Due to slow progress in implementation of PPP projects, overseas entrepreneurs are still hesitant to invest in Bangladesh. Reluctance of the bureaucrats in the implementation, traditional procurement system and delay in formulating appropriate legislation are the impediments to increased investment under PPP. 

A large number of the bureaucrats do not, in fact, want proper implementation of PPP projects as it may restrict their power in the public projects. Absence of guidelines and bureaucratic tangles acted as the hindrances to implementing PPP initiative. The bureaucracy, by its nature, does not encourage change. It is the same age-old bureaucracy that is inherited from British colonial regime.

In the PPP model, public and private sectors jointly undertake large projects on partnership basis. Through this model the private sector is encouraged to participate in large and long-term infrastructure development. Private sector arranges the resource or bears the cost of building infrastructure in the process.

In spite of formulation of some guidelines, potential infrastructure development projects can hardly be taken up for implementation. The process of engaging private developers for setting up of hi-tech parks or expressways through tender is reportedly being delayed for the same reason. This has caused some disappointment among the interested investors.

Facilitation of the operation of the would-be PPP projects under diverse conditions prevailing in the country, sooner than later, is a big challenge. Much here depends on effective staffing and institutional support for the PPP cell which should play a catalyst's role in coordinating the activities of different ministries, donor agencies, foreign and local financial institutions and the project sponsors.

The spirit of PPP is all about a shift towards leveraging government finances with private sector resources. Hence, the PPP cell needs to work out an effective strategy by which infrastructure projects can draw financing from all fronts. Country's burgeoning capital market is a potential sector wherefrom some substantial funds can be mobilised.

There is no denying that the private sector in Bangladesh is yet not strong enough to attract large capital, both from home and abroad. It is also physically constrained to implement large projects. In such a situation, PPP initiatives are unlikely to bear fruits, unless the government selects projects that are sound, viable and easy to implement. There is also a need to ensure competitive bidding process to meet transparency, accountability and creditworthiness of such projects.

Besides, there should be adequate discussion and analysis on the failure and success of PPP projects, and failed projects must receive punitive action. Every project can be divided into public, public-private and private in future in terms of prioritising public interests.

The government has, so far, been successful in branding its power plants in attracting local and foreign investors. But in respect of PPP projects, it didn't take such steps. It must share risks with the PPP projects. Guarantees on profit must be ensured otherwise the investors will not come here.

However, a recent study identified a number of factors including selection of appropriate projects, unusual cost and corruption as key impediments toward implementation of PPP projects. Other barriers include non-completion of projects within the stipulated time, inadequate feasibility study, lack of monitoring from the government and poor capacity.

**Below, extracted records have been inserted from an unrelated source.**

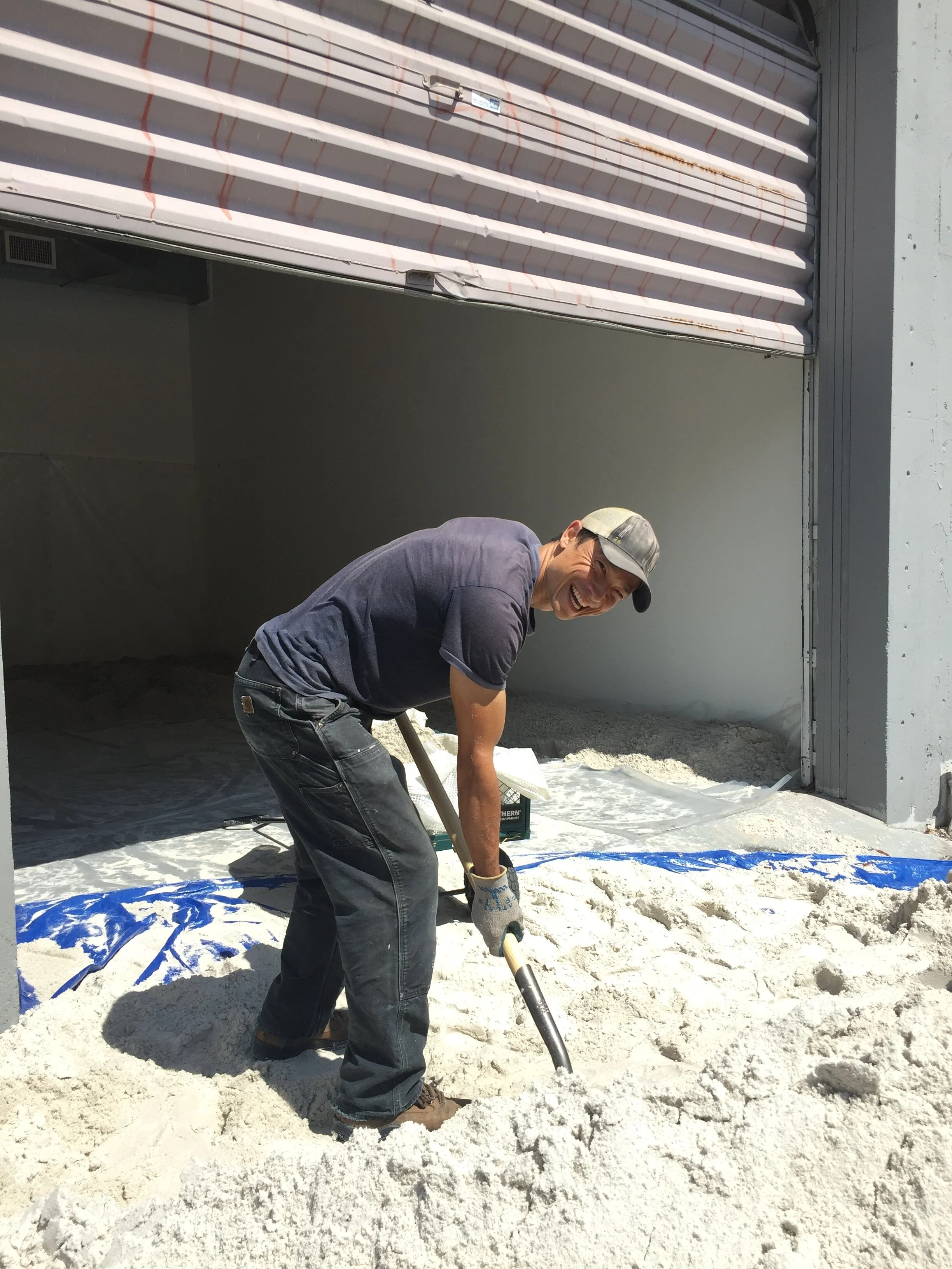 After shoveling 15 tons of sand into the back room of Locust Projects, Namkung flew into the space, created plaster casts from his bodily impressions, suspended them from the ceiling as clouds and projected video of his body in flight onto the sand. For the exhibition: Michael Namkung: Flying Towards the Ground, Locust Projects, Miami, FL, 2015. More info below.
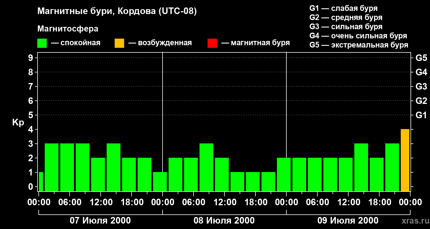Изменения геомагнитного индекса Kp с 7 по 9 июля 2000 года для средних широт
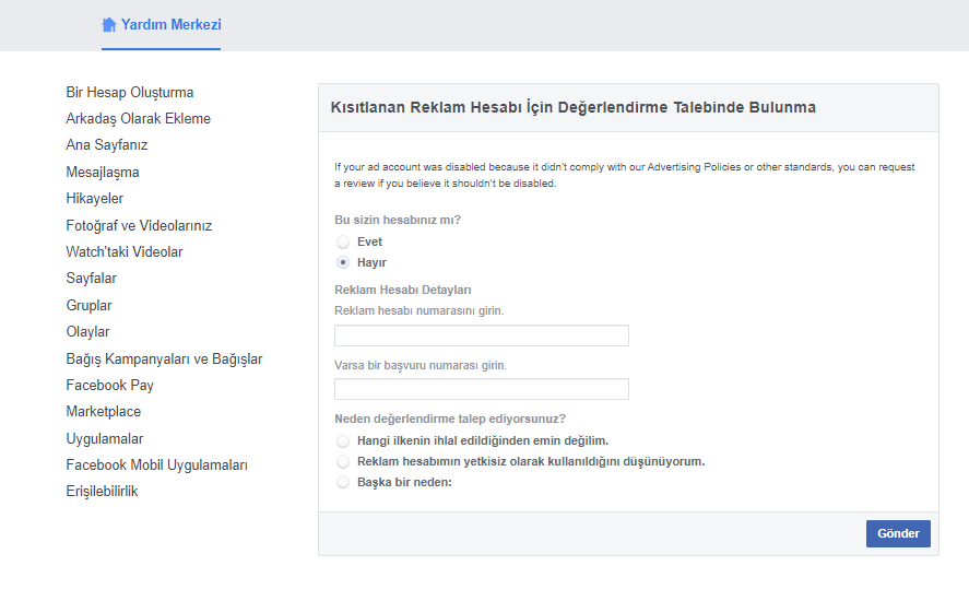 Facebook reklam hesabım kısıtlandı. Ve nasıl itiraz sürecini başlatmanız gereken makalemizi okuduğunuz için teşekkür ederiz.
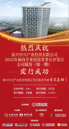 4月24日,泰興中興產(chǎn)業(yè)投資有限公司2025年面向?qū)I(yè)投資者非公開發(fā)行公司債券(第一期)在上交所成功發(fā)行,發(fā)行規(guī)模5億元,期限3年,發(fā)行票面利率2.4%,本期債券由集團(tuán)增信擔(dān)保,為企業(yè)在交易所實(shí)現(xiàn)首次亮相提供了有力支持。
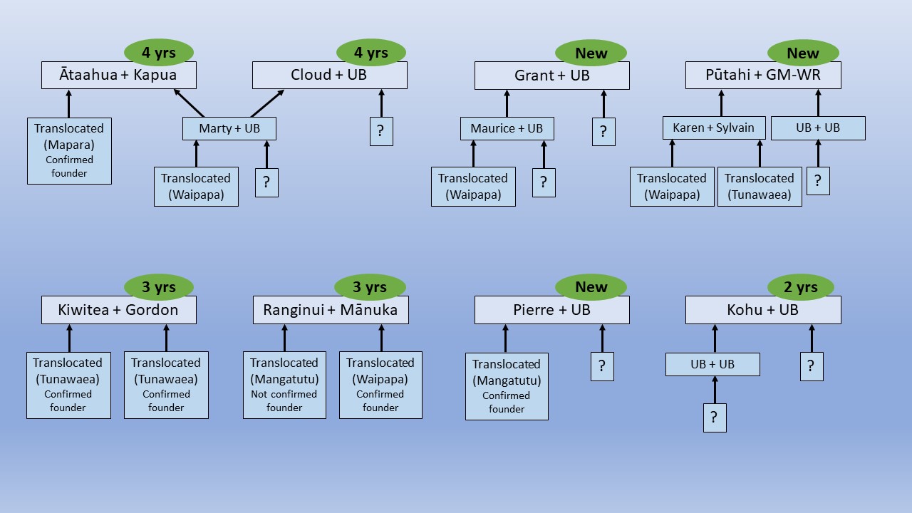 Of the 11 pairs spotted so far this year, 4 have been together for the last 3-4 years. Three are new pairs due previously paired kōkako splitting from last years’ partners to form new pairs this season. See the family tree below (click for bigger image) of all 8 pairs with banded kōkako. The other 3 pairs not shown are made only of unbanded (UB) kōkako, so we know that they were born at the Ark, but not their whakapapa.
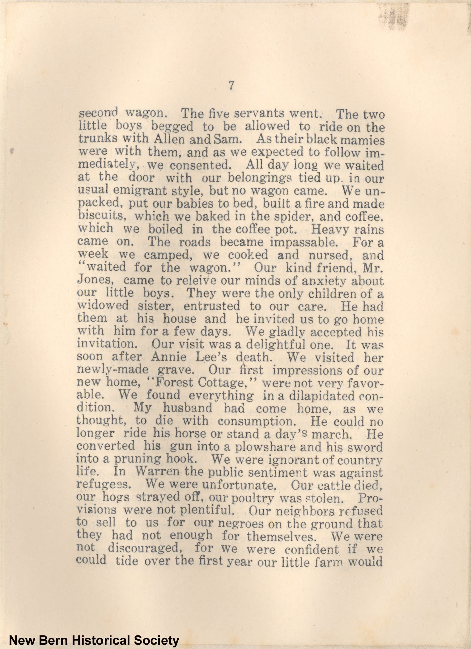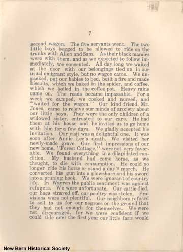 7 second wagon. The five servants went. The two little boys begged to be allowed to ride on the trunks with Allen and Sam. As their black marries were with them, and as we expected to follow immediately, we consented. All day long we waited at the door with our belongings tied up in our usual emigrant style, but no wagon came. We unpacked, put our babies to bed, built a fire and made biscuits, which we baked in the spider, and coffee, which we boiled in the coffee pot. Heavy rains came on. The roads became impassable. For a week we camped, we cooked and nursed, and “waited for the wagon.” Our kind friend, Mr. Jones, came to releive our minds of anxiety about our little boys. They were the only children of a widowed sister, entrusted to our care. He had them at his house and he invited us to go home with him for a few days. We gladly accepted his invitation. Our visit was a delightful one. It was soon after Annie Lee’s death. We visited her newly-made grave. Our first impressions of our new home, “Forest Cottage,” were not very favorable. We found everything in a dilapidated condition. My husband had come home, as we thought, to die with consumption. He could no longer ride his horse or stand a day’s march. He converted his gun into a plowshare and his sword into a pruning hook. We were ignorant of country life. In Warren the public sentiment was against refugees. We were unfortunate. Our cattle died, our hogs strayed off, our poultry was stolen. Provisions were not plentiful. Our neighbors refused to sell to us for our negroes on the ground that they had not enough for themselves. We were not discouraged, for we were confident if we could tide over the first year our little farm would

An integrated infrastructure investment master plan is needed that complements but does not compete with sector-based developments. The country needs to raise investment in infrastructure requirements from the current $3.0-$3.5 billion to $12.5 billion a year to meet the development targets.

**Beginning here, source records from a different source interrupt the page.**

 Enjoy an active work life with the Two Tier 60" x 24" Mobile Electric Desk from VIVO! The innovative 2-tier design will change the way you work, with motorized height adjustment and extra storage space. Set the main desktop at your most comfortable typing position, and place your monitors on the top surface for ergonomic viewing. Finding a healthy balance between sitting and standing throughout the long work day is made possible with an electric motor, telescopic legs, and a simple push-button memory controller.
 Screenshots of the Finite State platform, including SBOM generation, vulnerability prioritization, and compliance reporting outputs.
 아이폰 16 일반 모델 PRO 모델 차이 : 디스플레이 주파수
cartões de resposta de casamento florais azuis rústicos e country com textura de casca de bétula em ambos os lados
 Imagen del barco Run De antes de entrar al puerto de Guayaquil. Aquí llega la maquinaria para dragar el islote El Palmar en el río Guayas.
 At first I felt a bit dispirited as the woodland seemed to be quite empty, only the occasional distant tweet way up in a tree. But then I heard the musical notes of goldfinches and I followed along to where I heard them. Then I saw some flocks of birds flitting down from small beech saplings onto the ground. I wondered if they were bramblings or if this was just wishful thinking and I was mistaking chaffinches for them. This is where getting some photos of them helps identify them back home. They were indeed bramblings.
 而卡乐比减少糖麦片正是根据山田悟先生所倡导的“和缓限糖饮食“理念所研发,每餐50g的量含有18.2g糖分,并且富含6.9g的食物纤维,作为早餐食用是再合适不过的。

For making PPP initiatives successful in the country, the government needs to formulate a rational and attractive policy framework, ensure appropriate incentive packages and mechanism for implementation, and build trust and confidence of the investors as regards policy continuity.

As some overseas entrepreneurs are reportedly showing interest in PPP initiatives in Bangladesh, this should provide an opportunity to make the best use of foreign direct investment.